(Dataset records)
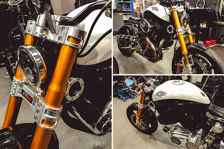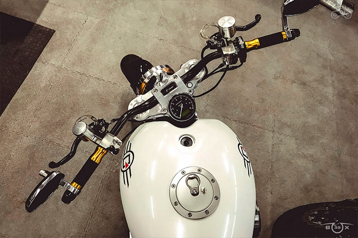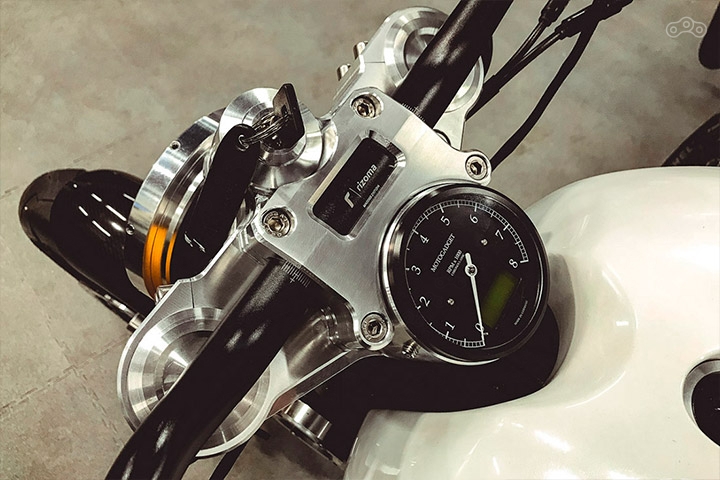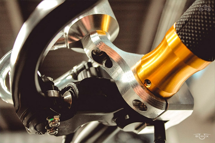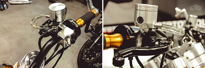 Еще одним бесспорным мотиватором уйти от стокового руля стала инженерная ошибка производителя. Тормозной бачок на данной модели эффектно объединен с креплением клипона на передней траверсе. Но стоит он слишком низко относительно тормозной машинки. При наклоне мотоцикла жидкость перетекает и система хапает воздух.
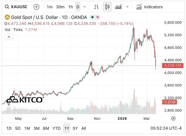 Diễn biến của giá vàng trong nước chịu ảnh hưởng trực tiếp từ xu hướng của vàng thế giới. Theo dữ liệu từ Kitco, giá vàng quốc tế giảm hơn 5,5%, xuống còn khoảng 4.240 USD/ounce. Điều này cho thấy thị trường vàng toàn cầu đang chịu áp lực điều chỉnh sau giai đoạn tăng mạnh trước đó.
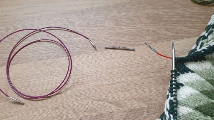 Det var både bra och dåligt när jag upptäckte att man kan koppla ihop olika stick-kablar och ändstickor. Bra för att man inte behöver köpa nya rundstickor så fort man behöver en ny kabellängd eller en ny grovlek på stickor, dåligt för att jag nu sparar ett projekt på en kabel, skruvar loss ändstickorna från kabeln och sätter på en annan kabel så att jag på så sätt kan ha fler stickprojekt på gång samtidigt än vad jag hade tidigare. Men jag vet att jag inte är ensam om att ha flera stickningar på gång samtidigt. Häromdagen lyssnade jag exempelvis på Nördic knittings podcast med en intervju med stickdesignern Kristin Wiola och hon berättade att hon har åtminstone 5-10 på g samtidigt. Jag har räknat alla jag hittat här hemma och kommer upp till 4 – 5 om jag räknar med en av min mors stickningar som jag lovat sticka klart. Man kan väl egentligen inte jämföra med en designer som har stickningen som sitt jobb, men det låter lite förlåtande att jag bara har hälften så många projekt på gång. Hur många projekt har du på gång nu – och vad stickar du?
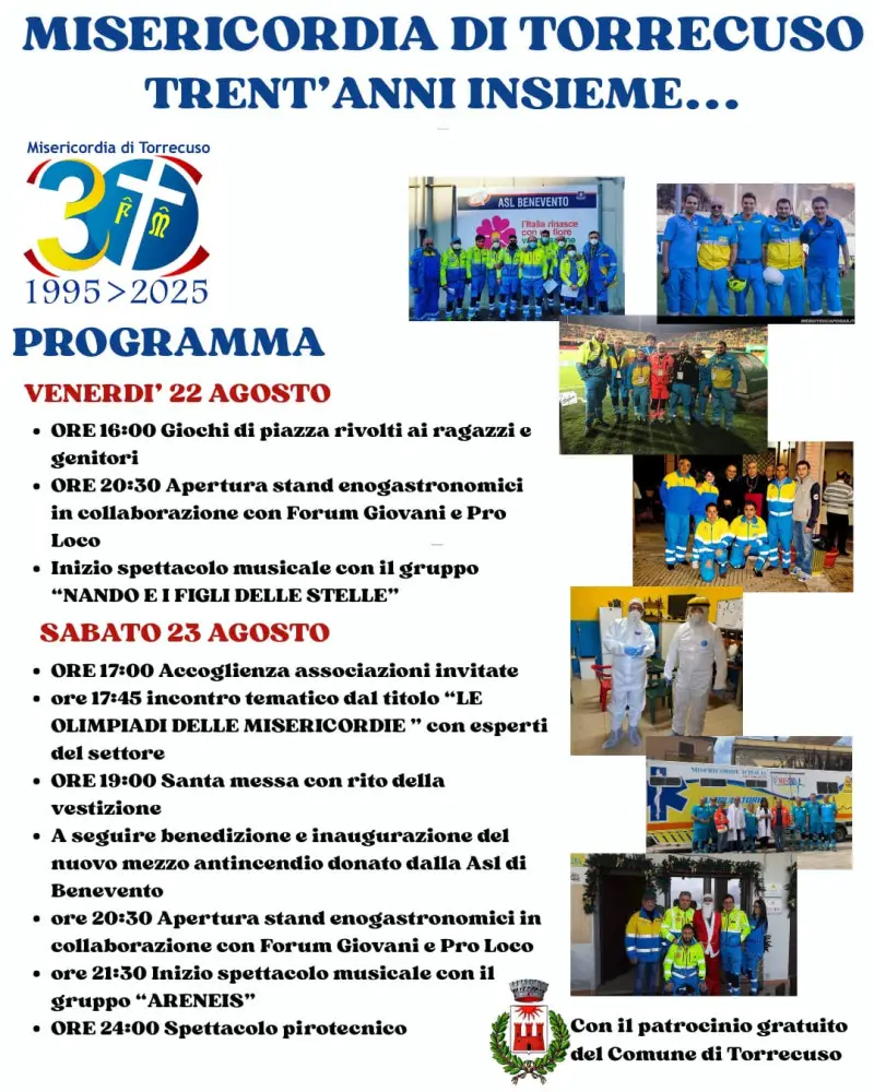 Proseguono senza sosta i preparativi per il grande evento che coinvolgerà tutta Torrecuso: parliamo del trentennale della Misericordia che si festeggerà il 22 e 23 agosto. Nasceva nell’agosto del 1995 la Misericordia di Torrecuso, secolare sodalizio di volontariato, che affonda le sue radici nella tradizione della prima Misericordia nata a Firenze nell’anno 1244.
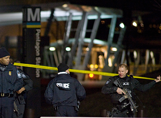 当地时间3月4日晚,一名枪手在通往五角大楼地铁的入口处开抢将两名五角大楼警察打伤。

▸ **What the task asks**
The records above need to be given again exactly. Omit the pictures.

▸ **Exercise output**
 Еще одним бесспорным мотиватором уйти от стокового руля стала инженерная ошибка производителя. Тормозной бачок на данной модели эффектно объединен с креплением клипона на передней траверсе. Но стоит он слишком низко относительно тормозной машинки. При наклоне мотоцикла жидкость перетекает и система хапает воздух.
 Diễn biến của giá vàng trong nước chịu ảnh hưởng trực tiếp từ xu hướng của vàng thế giới. Theo dữ liệu từ Kitco, giá vàng quốc tế giảm hơn 5,5%, xuống còn khoảng 4.240 USD/ounce. Điều này cho thấy thị trường vàng toàn cầu đang chịu áp lực điều chỉnh sau giai đoạn tăng mạnh trước đó.
 Det var både bra och dåligt när jag upptäckte att man kan koppla ihop olika stick-kablar och ändstickor. Bra för att man inte behöver köpa nya rundstickor så fort man behöver en ny kabellängd eller en ny grovlek på stickor, dåligt för att jag nu sparar ett projekt på en kabel, skruvar loss ändstickorna från kabeln och sätter på en annan kabel så att jag på så sätt kan ha fler stickprojekt på gång samtidigt än vad jag hade tidigare. Men jag vet att jag inte är ensam om att ha flera stickningar på gång samtidigt. Häromdagen lyssnade jag exempelvis på Nördic knittings podcast med en intervju med stickdesignern Kristin Wiola och hon berättade att hon har åtminstone 5-10 på g samtidigt. Jag har räknat alla jag hittat här hemma och kommer upp till 4 – 5 om jag räknar med en av min mors stickningar som jag lovat sticka klart. Man kan väl egentligen inte jämföra med en designer som har stickningen som sitt jobb, men det låter lite förlåtande att jag bara har hälften så många projekt på gång. Hur många projekt har du på gång nu – och vad stickar du?
 Proseguono senza sosta i preparativi per il grande evento che coinvolgerà tutta Torrecuso: parliamo del trentennale della Misericordia che si festeggerà il 22 e 23 agosto. Nasceva nell’agosto del 1995 la Misericordia di Torrecuso, secolare sodalizio di volontariato, che affonda le sue radici nella tradizione della prima Misericordia nata a Firenze nell’anno 1244.
 当地时间3月4日晚,一名枪手在通往五角大楼地铁的入口处开抢将两名五角大楼警察打伤。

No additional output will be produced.